Songs and Sonnets, Shane McCRae (Broken Sleep, 2026)
Shane McRae’s previous books have been both religious and political, but in Songs and Sonnets, his new slim collection from Broken Sleep, he does not hold back from upfront critique, abuse and comment on the current USA president and administration. The poems take the form of sonnets, often with clever end-of-line rhymes but also a number of more deconstructed or free verse texts.
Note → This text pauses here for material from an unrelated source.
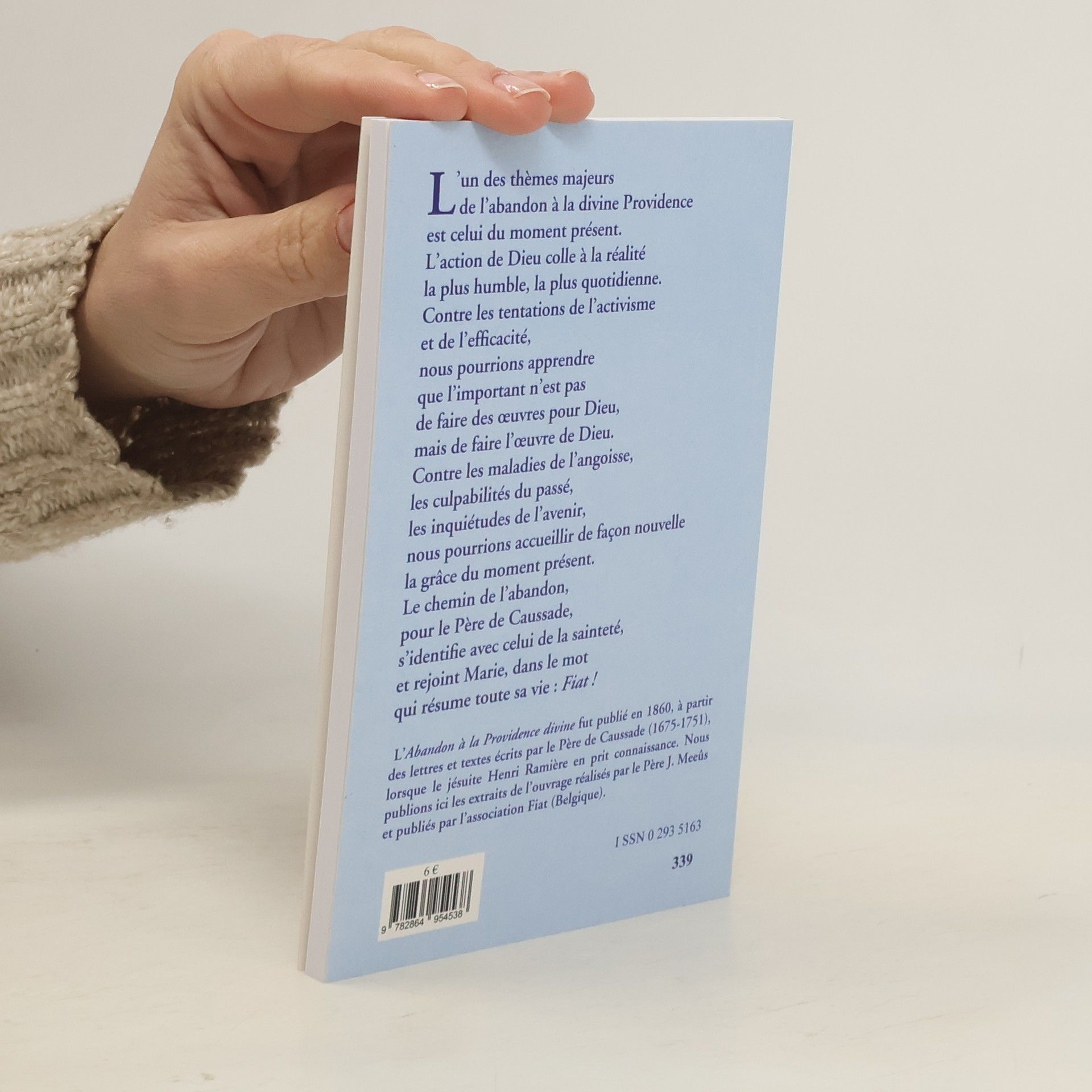 L'un des thèmes majeurs de l'abandon à la divine Providence est celui du moment présent. L'action de Dieu colle à la réalité la plus humble, la plus quotidienne. Contre les tentations de l'activisme et de l'efficacité, nous pourrions apprendre que l'important n'est pas de faire des oeuvres pour Dieu, mais de faire l'oeuvre de Dieu. Contre les maladies de l'angoisse, les culpabilités du passé, les inquiétudes de l'avenir, nous pourrions accueillir de façon nouvelle la grâce du moment présent. Le chemin de l'abandon, pour le Père de Caussade, s'identifie avec celui de la sainteté, et rejoint Marie, dans le mot qui résume toute sa vie : Fiat ! L'Abandon à la Providence Divine fut publié en 1860, à partir des lettres écrites par le Père de Caussade (1675-1751), lorsque le jésuite Henri Ramière en prit connaissance. Nous publions ici les extraits de l'ouvrage réalisé par le Père J. Meeûs et publiés par l'association Fiat.

‘America your blood is poisoned’ states the second poem, giving – as do other poems – a sense of mourning and elegy to the more vitriolic work here. Many of the poems ventriloquize Trump’s lies and deceitful claims, his total self-obsession and incomprehension of the effects of his policies and statements on others, whilst other texts stand outside the craziness and offer commentary. The truth of ‘You don’t have power if no-one buys you power’ is in stark contrast to the craziness of other statements here:
But the stench slithers out the face but you
Can’t smell the poison when it’s your own breath
(‘Blank Verse Sonnet On Our Myths Excuse Us’)
Somebody kill wheoever made you cry
(‘Blank Verse Sonnet On America Is Listening’)
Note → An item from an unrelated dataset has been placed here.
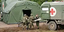 The Army Medical Service (German: Sanitätsdienst Heer or Sanitätsdienst des Heeres[1]) is a non-combat specialty branch of the German Army traditionally responsible for providing medical services within the army, and which has a humanitarian function during armed conflicts in accordance with international humanitarian law, and specific rights and responsibilities under the Geneva Conventions, their additional protocols and customary international humanitarian law. It is entitled under international humanitarian law to use the red cross as a protective sign and its personnel are protected persons under international humanitarian law.[2] Since 2002, most of its former responsibilities have been transferred to the Joint Medical Service. The Army Medical Service still exists as a small entity within the German military.

Get it in the mosques the speakers if they’re not too
Wrecked if we can’t we’ve got to wreck them more
(‘Petrarchan Sonnet On A Golden Age In Arts And Cullture Kash Patel Producer’)
Well let’s be honest who wants genocide
It’s bad for whole communities of people
[…]
and the third bird was peace
It would have covered Gaza like an iron
Springtime a Riviera what a beauty
I promise you once we’ve removed the bodies
(‘Elizabethan Sonnet On He Muses Upon The Deal That Wasn’t’)
I should not, however, suggest that these poems are purely about content, whether they are collages of reported speech or fictions about Trump’s thoughts (although I hate to use those two words next to each other) or not. McCrae is a clever and accomplished poet, able to use rhyme, half-rhyme and structure without any linguistic, syntactical or semantic contortions.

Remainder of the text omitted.